P.C. which provide to record the statement of the witness in appropriate circumstances to have a check on wrong or biased investigation and also to obtain earliest possible version of material witness on oath recorded by the Judicial Magistrate to be used during the trial by the prosecution as well as the defence. In the instant case the learned Judicial Magistrate did not make efforts to peruse the case diary before disallowing the application of the petitioner to satisfy himself about the allegations made by the petitioner. At the same time the learned Judicial Magistrate also did not apply his mind on the application of the Investigating Officer to record the statement under Sec.164 Cr. P.C. and it was mechanically rejected on the ground that the application of the petitioner has already been rejected. This could not be a legal and valid ground to decline to record the statement. It is not also evident from the order of the learned Judicial Magistrate that how the statement if recorded under Sec. 164 Cr. P.C. could be an obstruction in the investigation. The application of the petitioner could not be treated as premature because it was filed during the course of investigation i.e. much prior to the inquiry or trial as prescribed under Sec. 164 Cr. P.C. (8). As a result of the aforesaid discussion, I have no hesitation to arrive at the conclusion that the impugned order is not just and proper and it is liable to be set aside.
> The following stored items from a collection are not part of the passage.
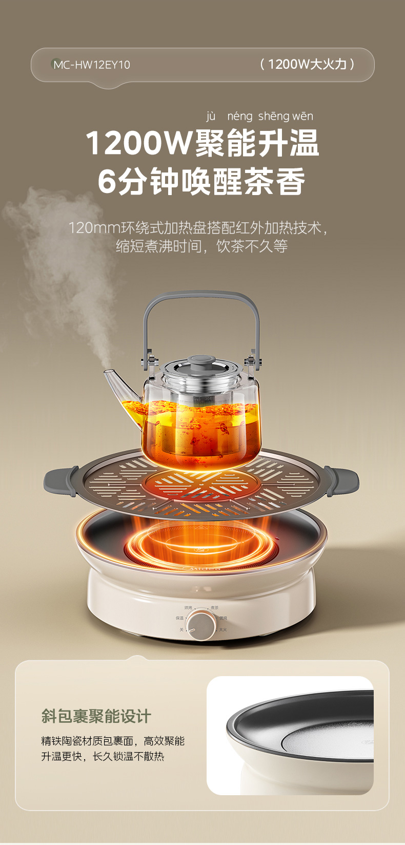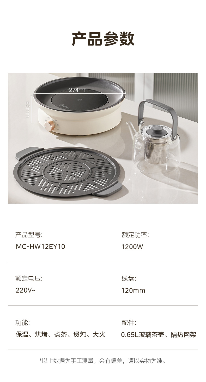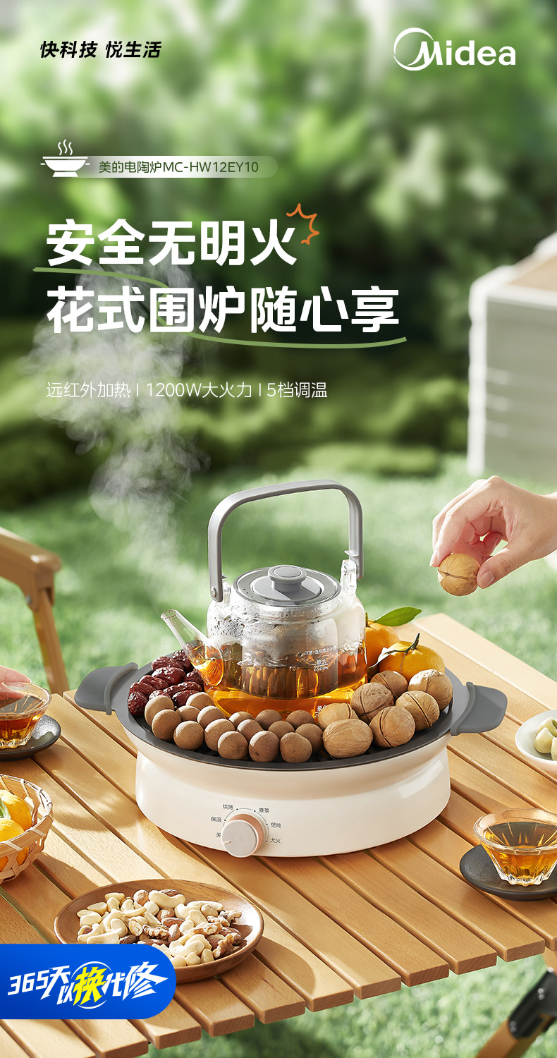 美的(Midea) MC-HW12EY10 1200W 电陶炉电磁炉围炉煮茶 白色(单位:台)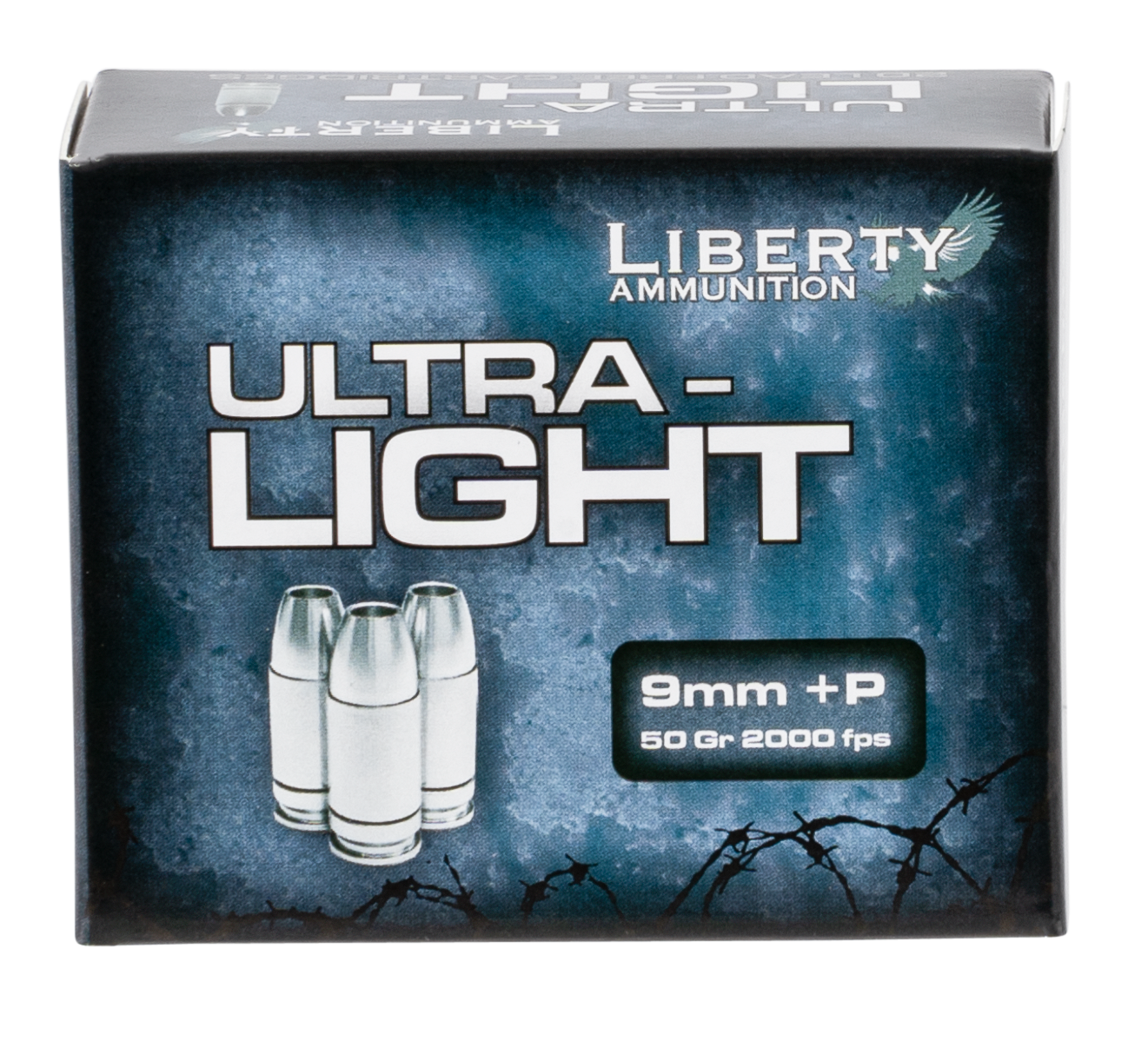 Liberty's ultra-light sets the bar even higher.The case is half the weight, but twice as strong.It combines liberty's innovative civil defense projectile with shell shock techs' groundbreaking cases.Rating: +PCaliber: 9mm LugerBullet Type: Lead Free Fragmenting Hollow PointBullet Weight: 50 grMuzzle Energy: 462 ft lbsMuzzle Velocity: 2040 fpsRounds Per Box: 20Boxes Per Case: 10Application: Home DefenseCasing Material: Nickel-Plated AluminumHazair: YesView more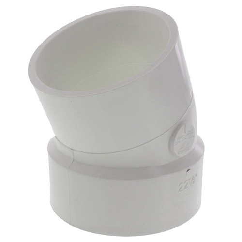 Spears® P326 DWV Pipe Street Elbow, Molded, 22-1/2 deg, 4 Inch, Hub x Spigot, SCH 40, ASTM D2665/D3311/F1866 PVC, White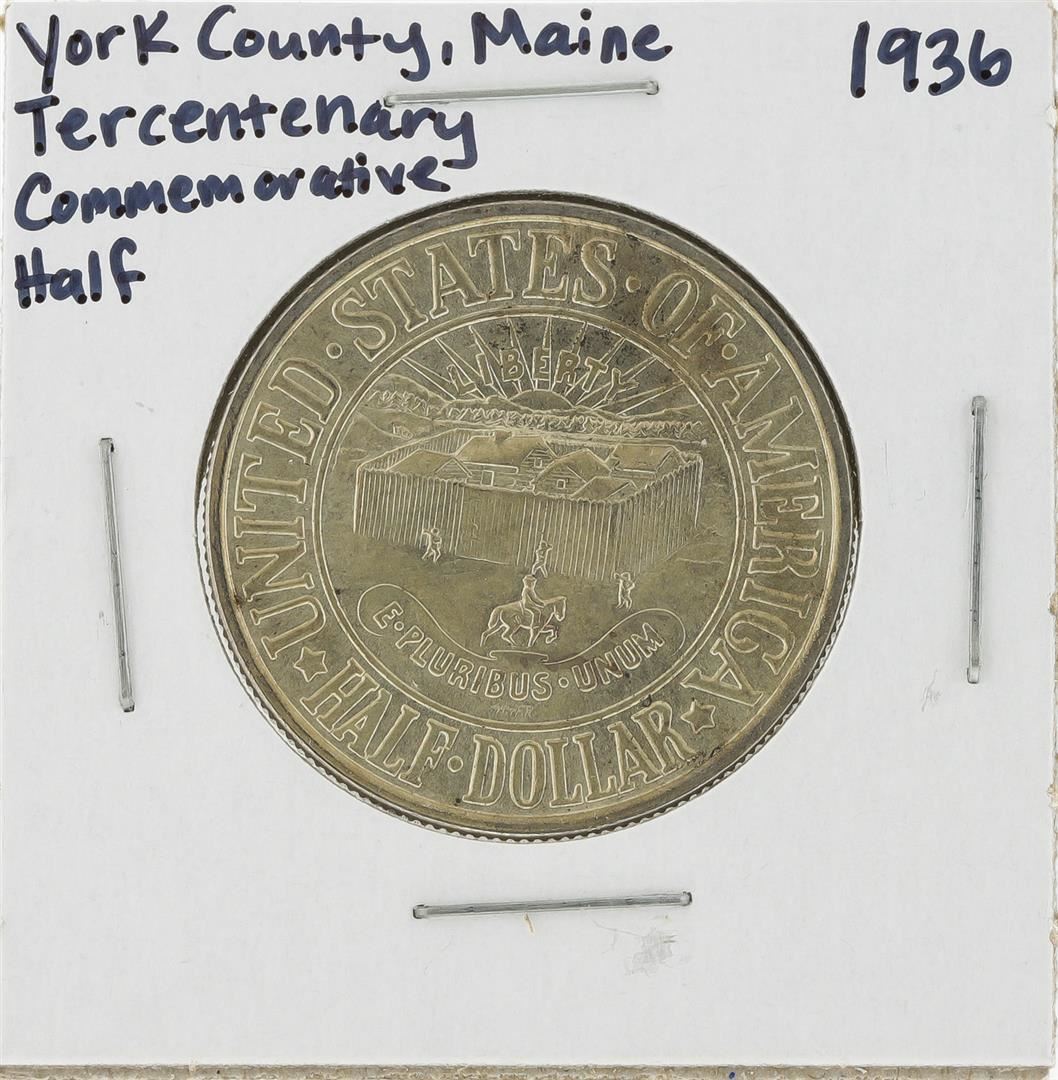 One 1936 York County, Maine Tercentenary Commemorative Half Dollar Coin.

The petition is hereby allowed and the impugned order dated 24.3.99 is hereby set aside. The petitioner is directed to appear before the learned Judicial Magistrate, Nimbahera within 15 days from today with a certified copy of this order. The learned Judicial Magistrate shall record the statement of the petitioner under Section 164 Cr. P.C. on the day she presents herself before the Court. If for any unavoidable reasons the statement is not recorded on the same day then the same shall be recorded on the following day.